There was an Australian study of over 29,000 women who spontaneously went into labor where the risk of UR without augmentation (pitocin, prostaglandins, cytotec, etc.) with one prior incision was found to be a very low 0.15%  Once you introduce labor augmenting and induction drugs, the risk of uterine rupture increases to 1.91%.  HUGE difference.  From the studies that have been done on VBA2C or more, there isn’t much difference in the UR rates.  Cochrane reviews have identified true UR rates to be around 0.4% when no augmenting drugs were used.  Most of those cases were uneventful and mother and baby were healthy and fine.

SOOOOO, now that we’ve established that statistically, you have much better odds of having a VBAC with no uterine rupture than the risks of having a 3rd c/section, let’s talk about what you might feel and how to identify a UR.

Much of what we refer to as ‘uterine rupture’ is what is medically known as ‘dehiscence’ or a ‘uterine window’.  This is where the scar tissue begins to separate but a thin piece of tissue is left so the muscle doesn’t completely rupture but it’s so thin you might even be able to see through it.  Even though this ‘window’ is included in the statistics for ‘rupture’ when it is identified (usually when a mother is having a RCS either scheduled or after a trial of labor) It has mostly been found as harmless…usually no repair or special care is needed and it heals on it’s own.  There’s not enough information to know if it increases your risk of rupture for the next pregnancy or not.  But if you didn’t have it last time, there is no reason to believe you will this time.
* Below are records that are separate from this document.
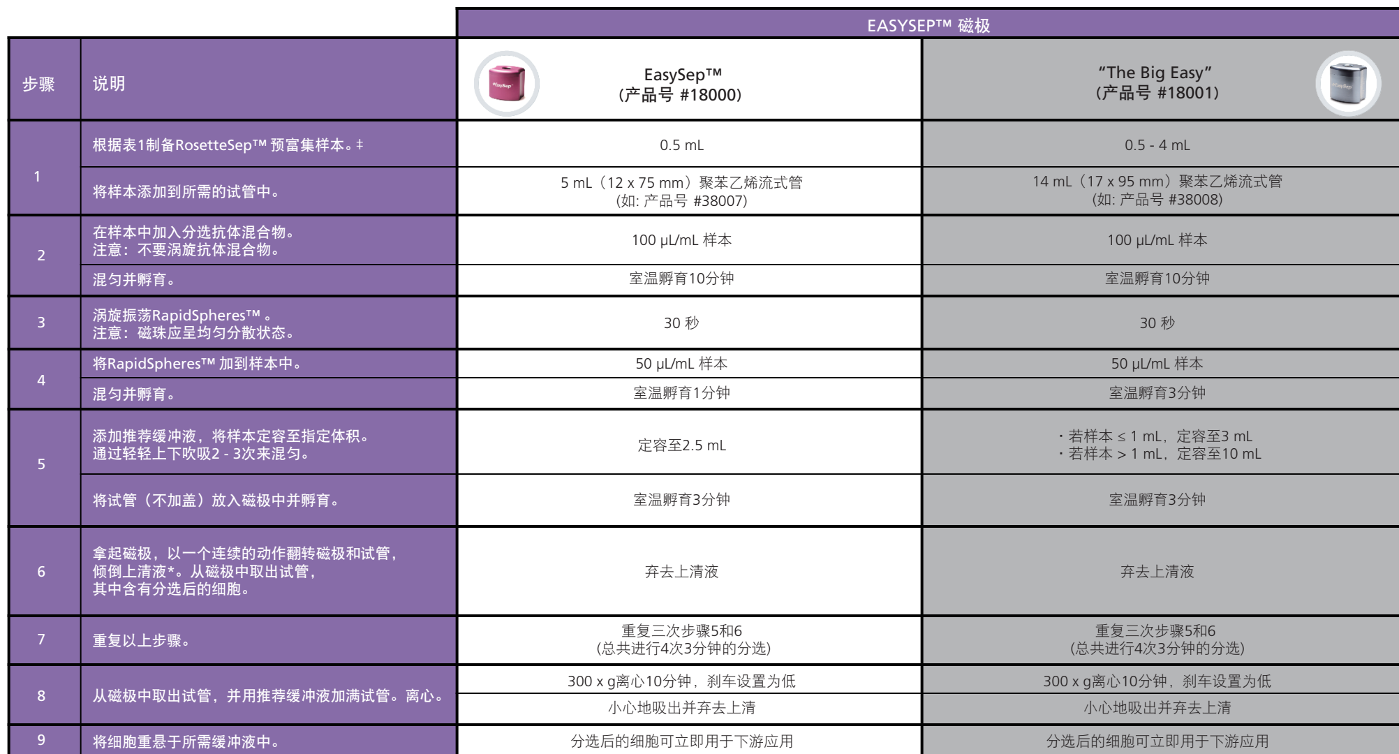
表2.EasySep™人脐带血 CD34 正选试剂盒II操作流程
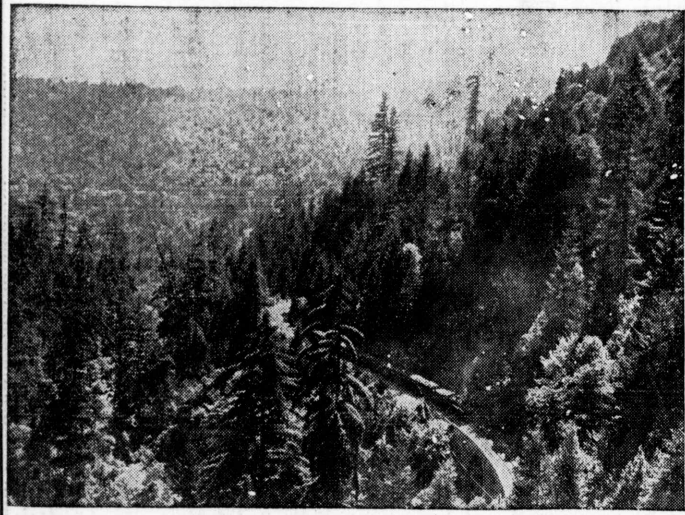
夏 六 題 林間スツチ (其の六)

佛女青大會の講習と見學が行われた。佛女青大會は、加州に在る。佛女青大會は、講習と見學が行われた。佛女青大會は、講習と見學が行われた。佛女青大會は、講習と見學が行われた。
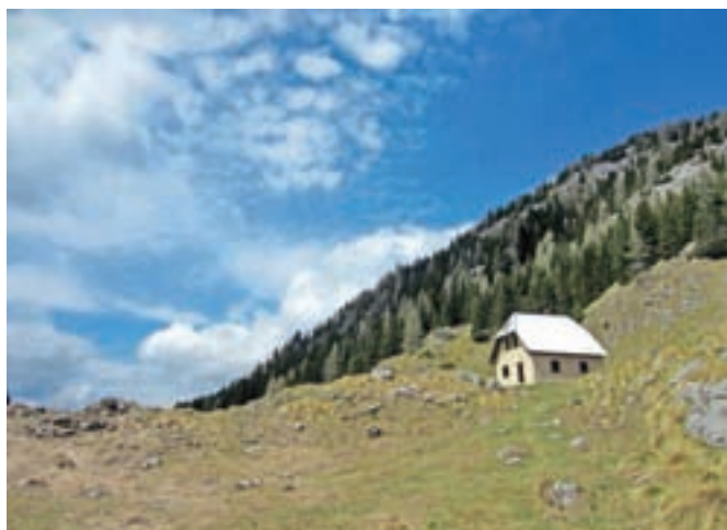
Planina V Plazeh

Z vrha sestopimo po poti vzpona in bodimo pozorni na ključnih mestih, da ne zgrešimo steze. Predlagam, da se pri sestopu ustavimo na planini V Plazeh ob koči Triglavskega narodnega

Sometimes a rupture is painful.  Sometimes there is absolutely no doubt that you are having one, but as you have found out, it’s not always that way.

What WILL happen is your body will act differently.  If your uterus has a tear, it will not function like it did before.  It may become boggy and limp.  It may suddenly change shape.  You will probably have actual bleeding (bright red blood rather than normal bloody show).  As long as you are not medicated (don’t have an epidural or narcotics) you will feel that something is different. 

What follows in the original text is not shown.